[Data records]
# # # # # # #

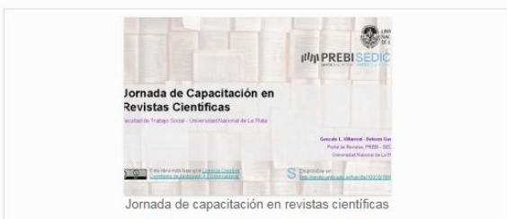
Jornada de capacitación en revistas científicas

A continuación, se comparten las presentaciones de los cursos y de las capacitaciones que dan los integrantes de CESGI, tanto para editores de revistas como para autores, investigadores y estudiantes de doctorados.
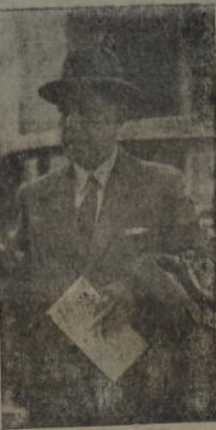
El senador Galindez en el instante de penetrar al Congreso para asistir a la sesión que consideró el informe de la Comisión investigadora
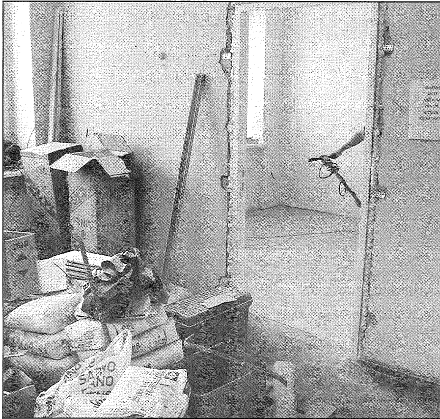
● Poliklīnikas trešajā stāvā pacientiem un mediķiem nākas sadzīvot ar celtniekiem, kuri veic ģimenes ārstu prakšu vietu remontu. Lai pacienti neapjuktu šajā «radošajā» nekārtībā, dakteri pie saviem kabinetiem atstājuši ziņas, kur viņus meklēt.

darbi jāpabeidz tuvāko mēnešu laikā. Pašlaik būvnieki — pilnsabiedrība «A.A. & Būvkompanijas» — veic cokola un fasādes siltināšanu, kā arī jumta seguma nomaiņu. KPMI projektus administrē valsts, stāsta Z.Erts, tā ir nauda, ko valsts iegūst no pārdotajām emisiju kvotām. Termiņi ir visai sastringti, darbus nākas veikt arī ziemas
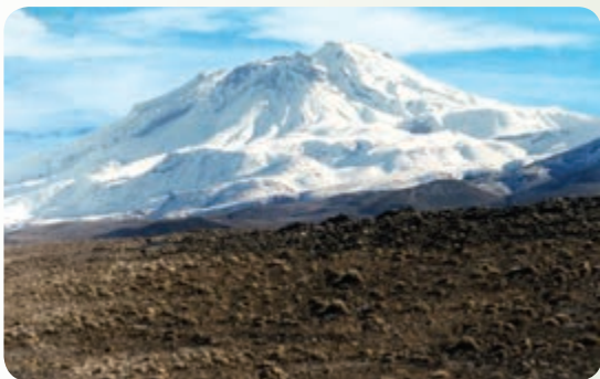
شکل ۲۵-۱۲- کوه تفتان

۲- درخت کهنسال روستای دهپایید : این درخت در نزدیکی شهرستان خاش و در روستای دهپایید قرار دارد. این سرو کهنسال ۱۲۰۰ سال قدمت دارد و دارای تنه ای پهن و شاخ و برگ انبوه است.
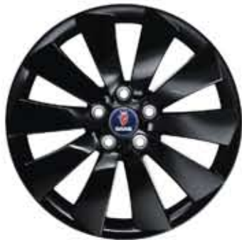
Roues alu 10 branches Turbine noire 19×8½" (Accessoire)
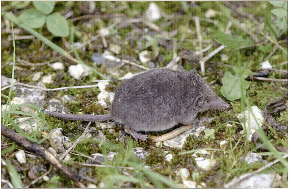
Abbildung 7: Der Schwanz der Hausspitzmaus ( Crocidura russula ) besitzt abstehende Wimpernhaare. Katzen bringen oft Hausspitzmäuse nach Hause.

zurückgegangen. Ihr heutiges Vorkommen im Gebiet ist unserer Meinung nach sehr unsicher.
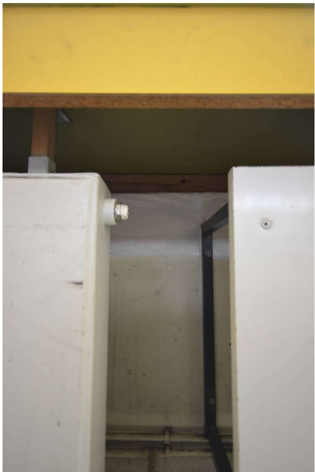
11. Elmenete zum Schließen der Fensterbanknische zwischen den Heizkörpern

# # # # # # #

YOUR TASK: Make an exact copy of the lines above, starting at the line that contains "شکل ۲۵-۱۲- کوه تفتان" and running through the final line of the entries. Omit the pictures.

TASK ANSWER:
شکل ۲۵-۱۲- کوه تفتان

۲- درخت کهنسال روستای دهپایید : این درخت در نزدیکی شهرستان خاش و در روستای دهپایید قرار دارد. این سرو کهنسال ۱۲۰۰ سال قدمت دارد و دارای تنه ای پهن و شاخ و برگ انبوه است.
Roues alu 10 branches Turbine noire 19×8½" (Accessoire)
Abbildung 7: Der Schwanz der Hausspitzmaus ( Crocidura russula ) besitzt abstehende Wimpernhaare. Katzen bringen oft Hausspitzmäuse nach Hause.

zurückgegangen. Ihr heutiges Vorkommen im Gebiet ist unserer Meinung nach sehr unsicher.
11. Elmenete zum Schließen der Fensterbanknische zwischen den Heizkörpern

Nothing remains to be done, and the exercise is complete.